Task requirements:
An unchanged copy of all the lines below is expected, and it should contain no pictures.

Given information:
---*---

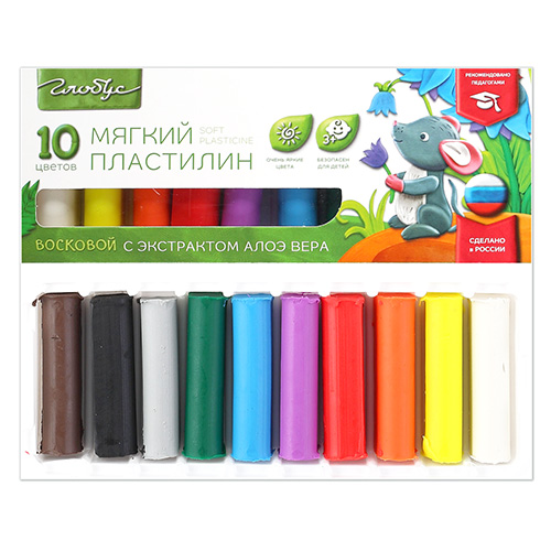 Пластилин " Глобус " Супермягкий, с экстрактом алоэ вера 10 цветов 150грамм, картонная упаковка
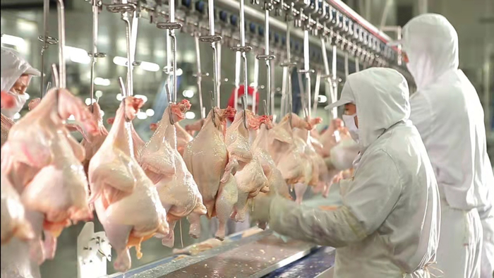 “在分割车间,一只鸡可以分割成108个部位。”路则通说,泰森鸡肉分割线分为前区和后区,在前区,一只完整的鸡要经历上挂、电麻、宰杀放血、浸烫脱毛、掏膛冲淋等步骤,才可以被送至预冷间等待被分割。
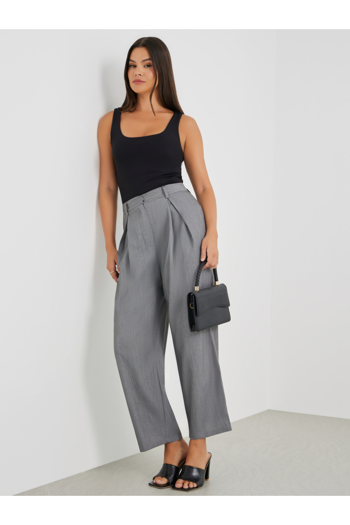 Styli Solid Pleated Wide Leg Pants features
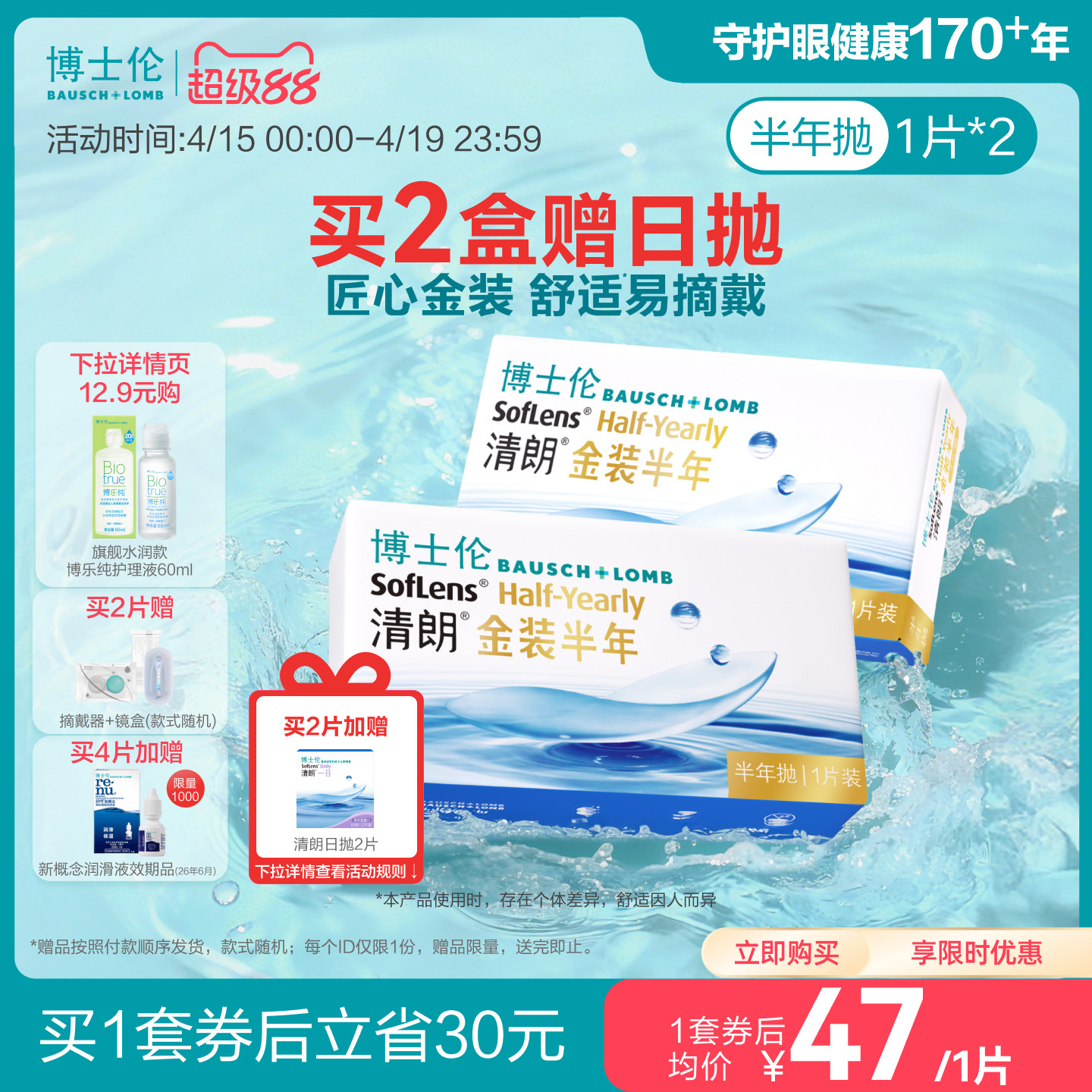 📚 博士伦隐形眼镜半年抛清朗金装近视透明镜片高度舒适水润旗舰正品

---*---

Response area:
 Пластилин " Глобус " Супермягкий, с экстрактом алоэ вера 10 цветов 150грамм, картонная упаковка
 “在分割车间,一只鸡可以分割成108个部位。”路则通说,泰森鸡肉分割线分为前区和后区,在前区,一只完整的鸡要经历上挂、电麻、宰杀放血、浸烫脱毛、掏膛冲淋等步骤,才可以被送至预冷间等待被分割。
 Styli Solid Pleated Wide Leg Pants features
 📚 博士伦隐形眼镜半年抛清朗金装近视透明镜片高度舒适水润旗舰正品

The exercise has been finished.